How Rust Achieves Thread Safety

In every talk I have given till now, the question "how does Rust achieve thread safety?" has invariably come up1. I usually just give an overview, but this provides a more comprehensive explanation for those who are interested

See also: Huon's blog post on the same topic

1

So much that I added bonus slides about thread safety to the end of my deck, and of course I ended up using them at the talk I gave recently

In my previous post I touched a bit on the Copy trait. There are other such "marker" traits in the standard library, and the ones relevant to this discussion are Send and Sync. I recommend reading that post if you're not familiar with Rust wrapper types like RefCell and Rc, since I'll be using them as examples throughout this post; but the concepts explained here are largely independent.

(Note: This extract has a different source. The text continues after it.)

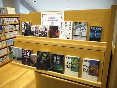 毎月、町立図書館ではテーマを決めて展示をしています。(町報にも載せてるので要チェック!)今回のテーマは「ミステリー」。

For the purposes of this post, I'll restrict thread safety to mean no data races or cross-thread dangling pointers. Rust doesn't aim to solve race conditions. However, there are projects which utilize the type system to provide some form of extra safety, for example rust- sessions attempts to provide protocol safety using session types.

These traits are auto-implemented using a feature called "opt in builtin traits". So, for example, if struct Foo contains only Sync fields, it will also be Sync, unless we explicitly opt out using impl !Sync for Foo {}. Similarly, if struct Foo contains at least one non-Sync type, it will not be Sync either, unless it explicitly opts in (unsafe impl Sync for Foo {})

This means that, for example, a Sender for a Send type is itself Send, but a Sender for a non-Send type will not be Send. This pattern is quite powerful; it lets one use channels with non-threadsafe data in a single-threaded context without requiring a separate "single threaded" channel abstraction.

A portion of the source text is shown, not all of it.